Giustizia e solidarietà appartengono ad una medesima
struttura di comunicazione.
“La solidarietà fondata sull’appartenenza ci ricorda il legame
sociale che unifica tutti: ognuno è responsabile dell’altro. Invece
l’inesorabile egualitarismo della giustizia pretende sensibilità
per le differenze che separano questo individuo dagli altri:
ognuno chiede che la sua diversità sia rispettata dall’altro”
(Habermas, 2013).
“Inclusione non deve significare nè accaparramento
assimilatorio”, volto a negare qualunque struttura relazionale di
alterità e differenza, “né chiusura contro il diverso” precisa il
filosofo che vuole contrastare qualunque forma di malinteso
universalismo.

“Inclusione dell’altro significa piuttosto che i confini della


comunità sono aperti a tutti: anche – e soprattutto – a coloro
che sono reciprocamente estranei e che estranei vogliono
rimanere” (Habermas, 2013).
Inclusione non significa produrre un livellamento di tutti in
maniera irrispettosa, bensì difendere il contenuto ragionevole
di una morale del pari rispetto per chiunque e di una
responsabilità generale e solidale dell’uno verso l’altro. L’eguale
rispetto per chiunque non concerne chi è simile a noi, bensì la
persona dell’altro (degli altri) nella sua specifica diversità.
(Viscardi, 2017)
“La responsabilità solidale per un altro visto come uno di noi
si riferisce in realtà al “noi” flessibile di una comunità che –
riluttante verso ogni forma di sostanzialità – estende sempre più
in là i suoi porosi confini. Questa comunità morale può fondarsi
soltanto sull’idea negativa di eliminare discriminazione o
sofferenza e di includere gli emarginati (ogni emarginato)
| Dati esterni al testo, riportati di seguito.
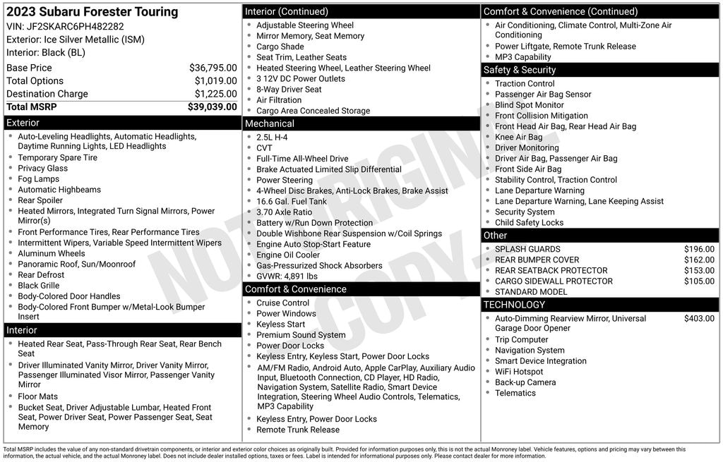 Certified. Ice Silver Metallic 2023 Subaru Forester Touring AWD Lineartronic CVT 2.5L 4-Cylinder DOHC 16V

nell’ambito del reciproco rispetto”. (Habermas, 2013)
Nella società liquido-moderna vi è un numero sempre
maggiore di persone sradicate – migranti, profughi, esuli,
richiedenti asilo – in movimento e senza fissa dimora che
dovranno rappresentare sempre più un valore aggiunto,e non
un pericolo, per la cultura europea anche per il processo di
meticciamento culturale che in maniera creativa e arricchente
potranno innescare.
La filosofia dell’inclusività richiede, in definitiva, una cultura
politica innovativa in grado di affrontare le sfide complesse che
il multiculturalismo e i movimenti migratori scatenano.